'''

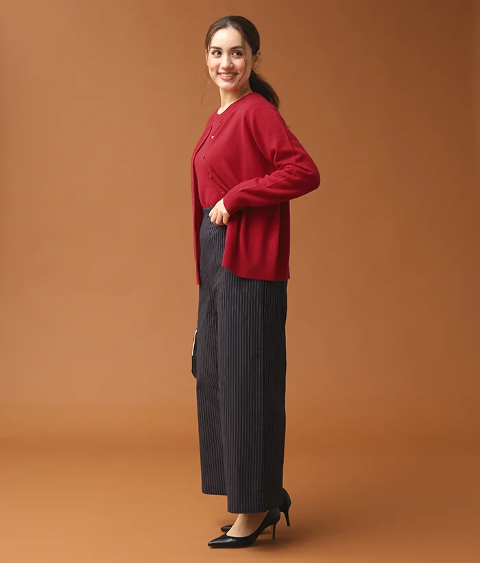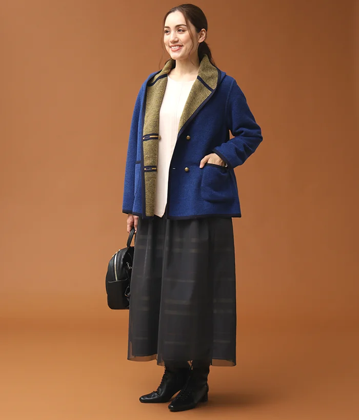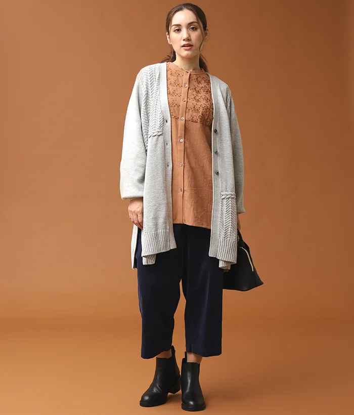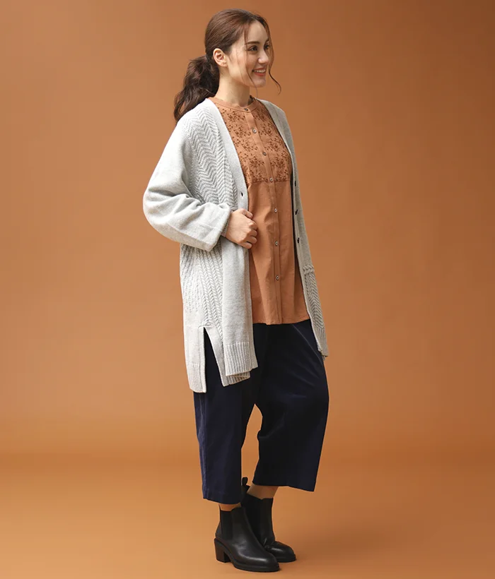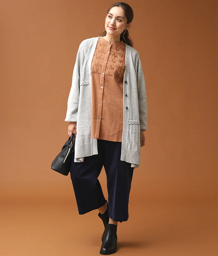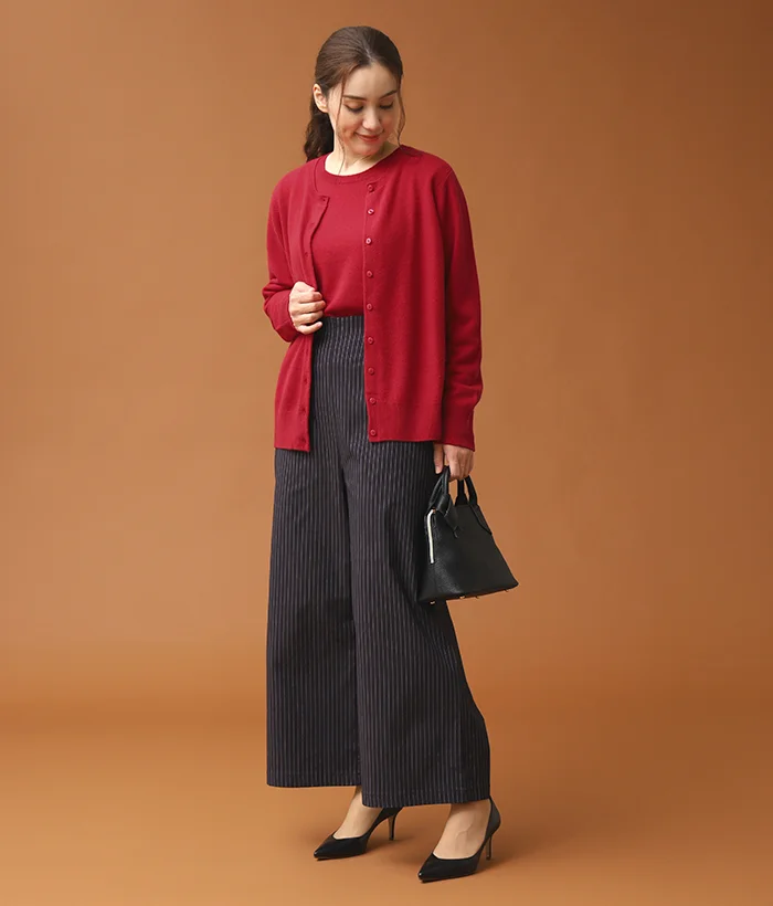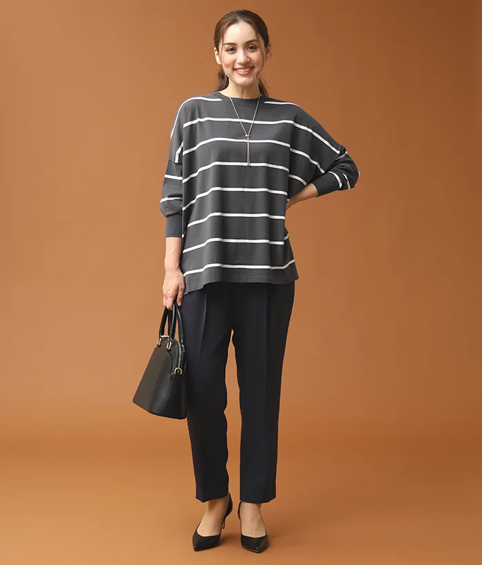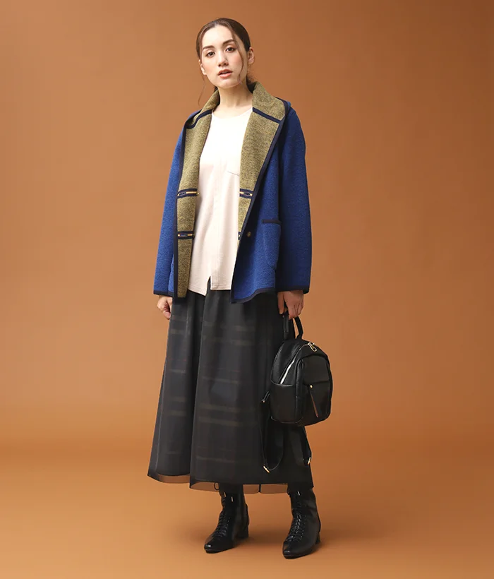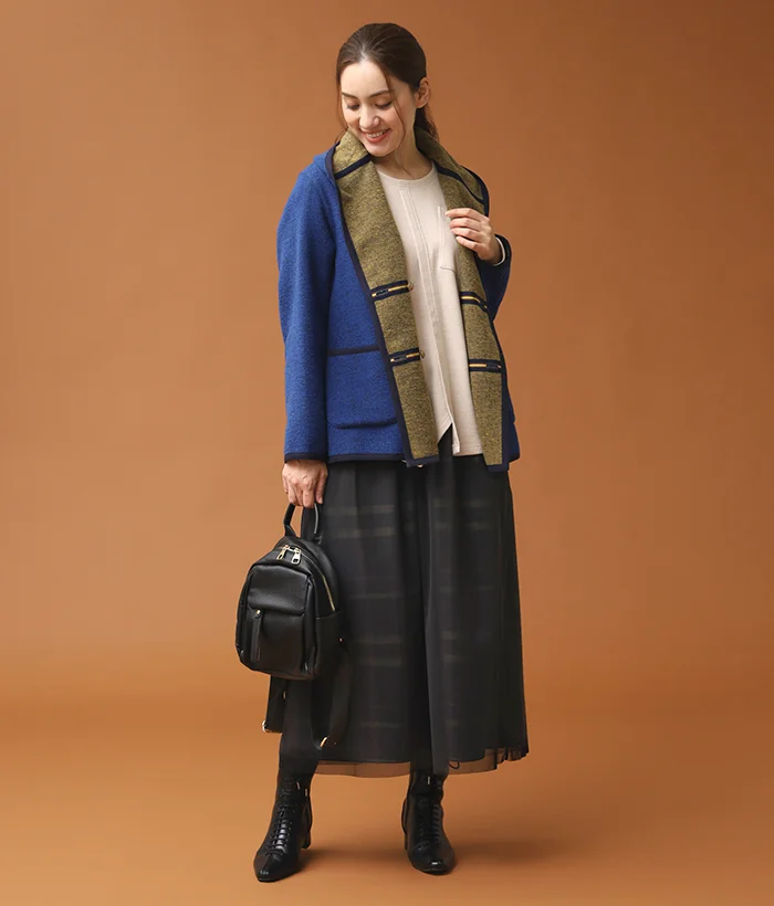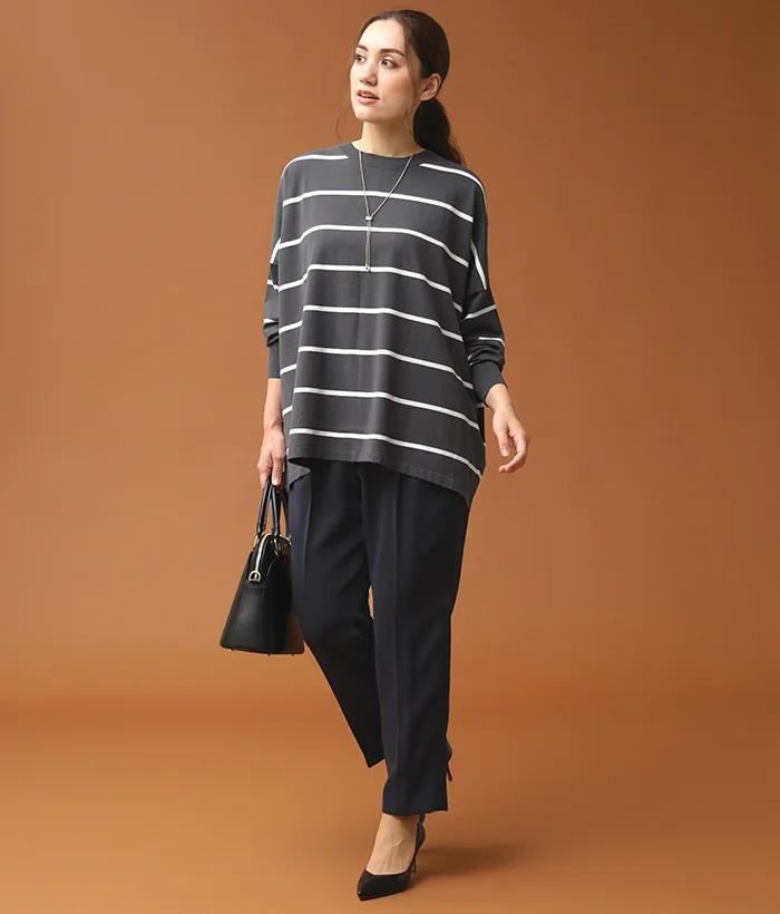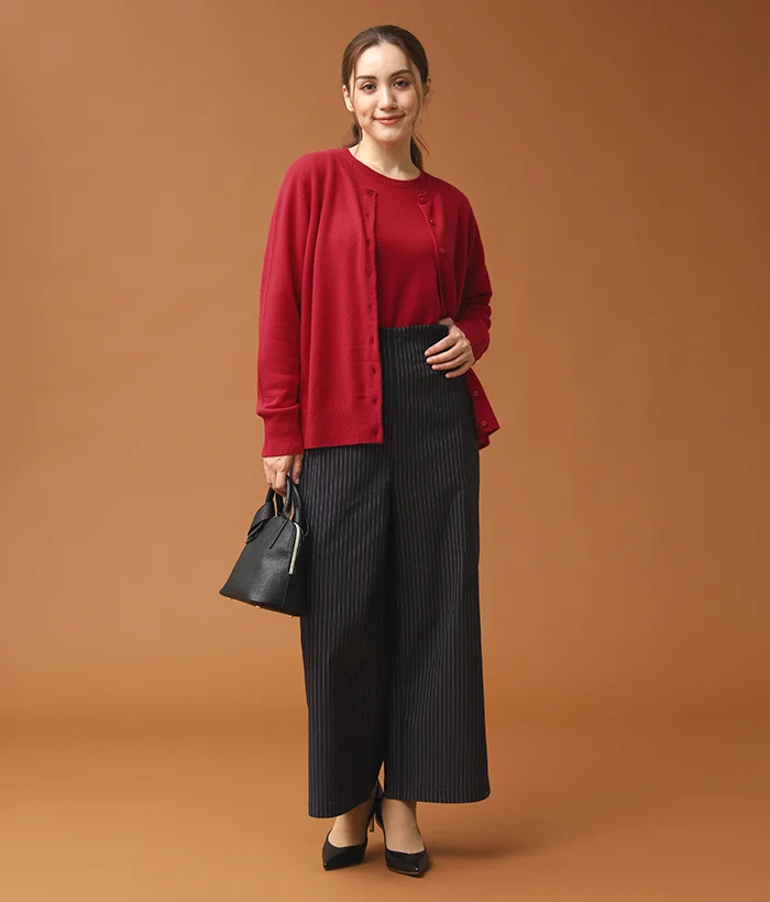 ゆったりとした着心地のよいニットに、ながれるようなシルエットのプリントスカートをレイヤードすることで、カジュアルすぎないきれいめな雰囲気に。煌めくネックレスや淡い色合いのバッグで、スタイリングに優しいアクセントを加えて。
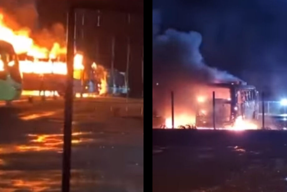 Incêndio destruiu dois ônibus, na madrugada desta segunda-feira (27), em uma garagem localizada em Sidrolândia, município situado a 60 quilômetros de Campo Grande.
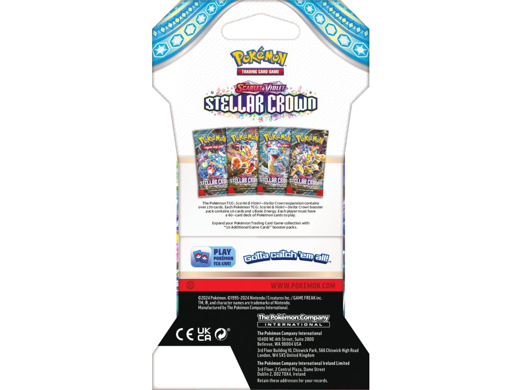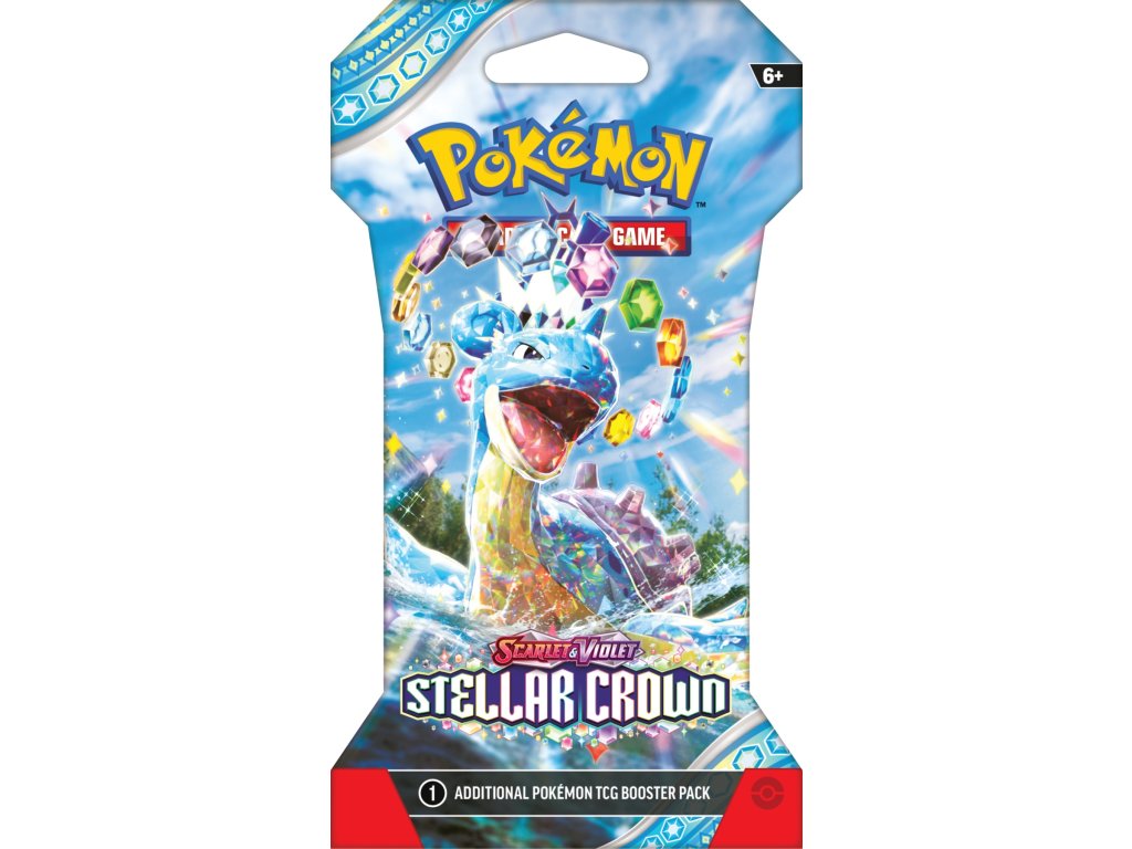 Blister booster karetní hry Pokémon TCG: Scarlet & Violet - Stellar Crown obsahuje 10 náhodných karet.
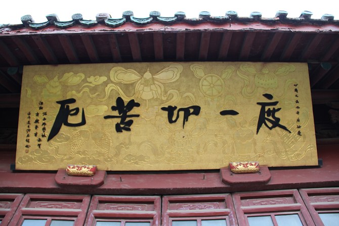 大雄宝殿重檐斗拱,雕梁画拣,金碧交辉,其内供奉有释迦摩尼、阿弥陀佛和药师佛三世佛,均高一丈三尺,其后是大型雕塑海岛观音,取材于《华严经》善财童子53参的故事,形象地表现出南海观音普渡众生的场面,东西两壁供奉的是十八罗汉。
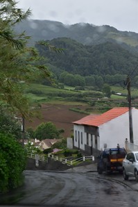 Nous quittons Furnas ce matin pour nous rendre à Ponta Delgada, et nous décidons de nous rallonger puisque le trajet ne prendrait qu'une quarantaine de minutes par la grande route: juste au nord est de Furnas, nous reprenons vers le miradouro do salto de cavalo et poursuivons sur cette petite route vers le nord. Nous traversons la route 1a pour nous rendre sur celle qui traverse les villages côtiers. Intéressés par le site du moulin abandonné Moinho do Felix, nous entamons le sentier, ne trouvons jamais le moulin mais plutôt une superbe cascade!
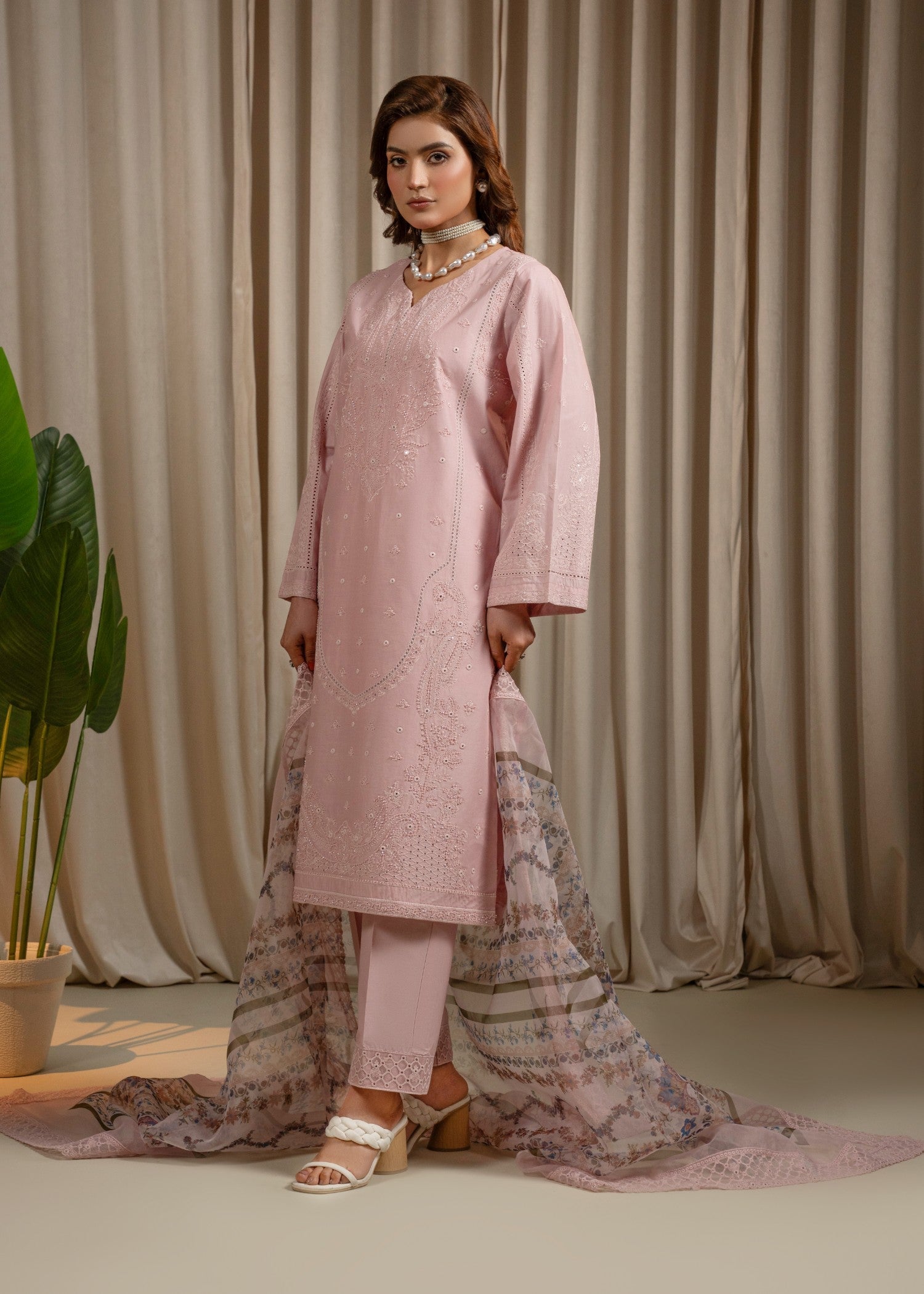 It is paired with a coordinated embroidered lawn trouser and a light, airy chiffon dupatta, finished with delicate lace on all four sides, completing the look with effortless elegance. Perfect for summer festivities, daytime events, and graceful gatherings
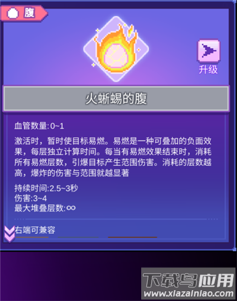 腹类器官造成的燃烧/冰冻效果可多层叠加,血珊瑚腹叠加层数后伤害呈平方增长,火蜥蜴腹能产生连锁爆炸效果。
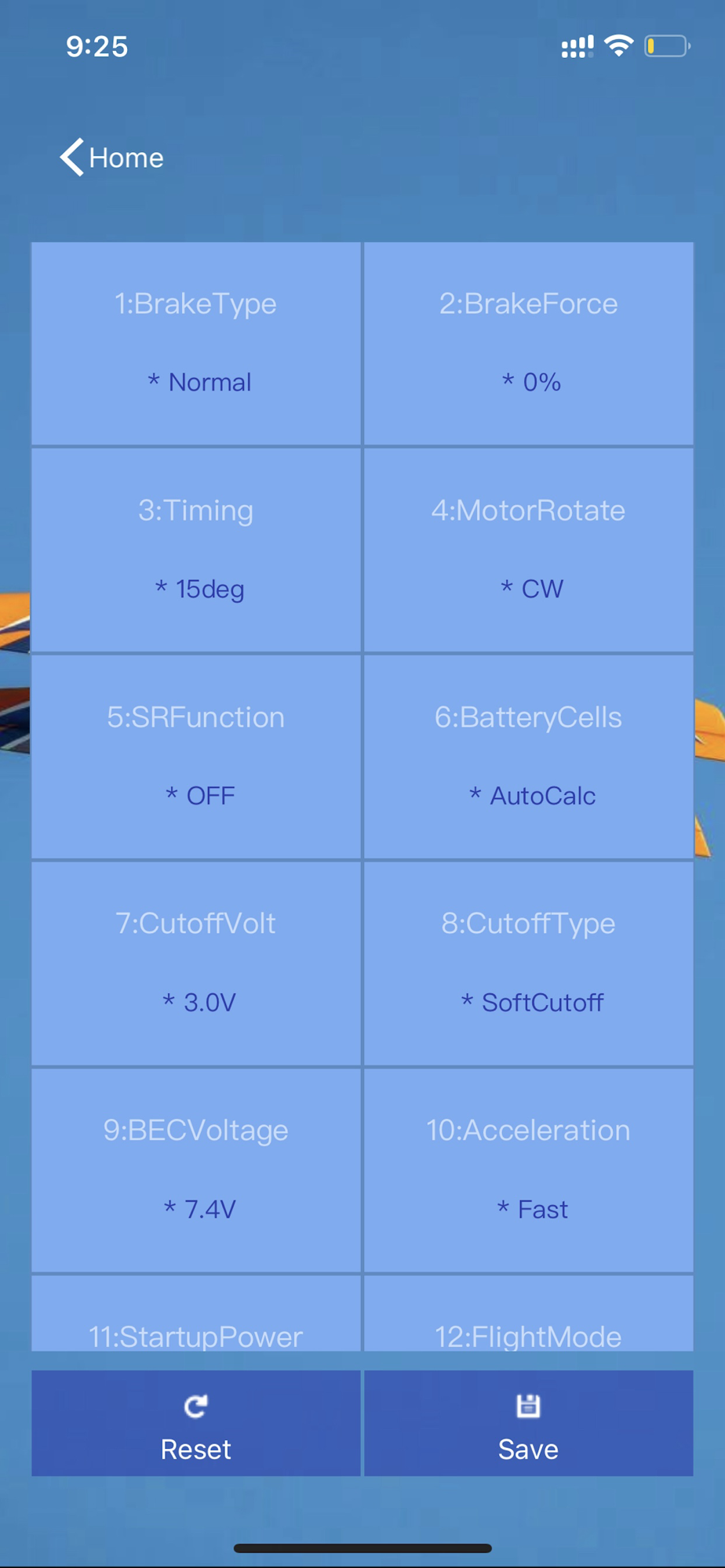 VLV establishes a connection through the Bluetooth of the mobile phone and the Bluetooth of the ESC, so as to realize the functions of adjusting the parameters of the ESC, viewing the data, and upgrading the firmware.

'''

What you should do: After removing the pictures, set down every record above exactly as it stands.

Output of the task:
 ゆったりとした着心地のよいニットに、ながれるようなシルエットのプリントスカートをレイヤードすることで、カジュアルすぎないきれいめな雰囲気に。煌めくネックレスや淡い色合いのバッグで、スタイリングに優しいアクセントを加えて。
 Incêndio destruiu dois ônibus, na madrugada desta segunda-feira (27), em uma garagem localizada em Sidrolândia, município situado a 60 quilômetros de Campo Grande.
 Blister booster karetní hry Pokémon TCG: Scarlet & Violet - Stellar Crown obsahuje 10 náhodných karet.
 大雄宝殿重檐斗拱,雕梁画拣,金碧交辉,其内供奉有释迦摩尼、阿弥陀佛和药师佛三世佛,均高一丈三尺,其后是大型雕塑海岛观音,取材于《华严经》善财童子53参的故事,形象地表现出南海观音普渡众生的场面,东西两壁供奉的是十八罗汉。
 Nous quittons Furnas ce matin pour nous rendre à Ponta Delgada, et nous décidons de nous rallonger puisque le trajet ne prendrait qu'une quarantaine de minutes par la grande route: juste au nord est de Furnas, nous reprenons vers le miradouro do salto de cavalo et poursuivons sur cette petite route vers le nord. Nous traversons la route 1a pour nous rendre sur celle qui traverse les villages côtiers. Intéressés par le site du moulin abandonné Moinho do Felix, nous entamons le sentier, ne trouvons jamais le moulin mais plutôt une superbe cascade!
 It is paired with a coordinated embroidered lawn trouser and a light, airy chiffon dupatta, finished with delicate lace on all four sides, completing the look with effortless elegance. Perfect for summer festivities, daytime events, and graceful gatherings
 腹类器官造成的燃烧/冰冻效果可多层叠加,血珊瑚腹叠加层数后伤害呈平方增长,火蜥蜴腹能产生连锁爆炸效果。
 VLV establishes a connection through the Bluetooth of the mobile phone and the Bluetooth of the ESC, so as to realize the functions of adjusting the parameters of the ESC, viewing the data, and upgrading the firmware.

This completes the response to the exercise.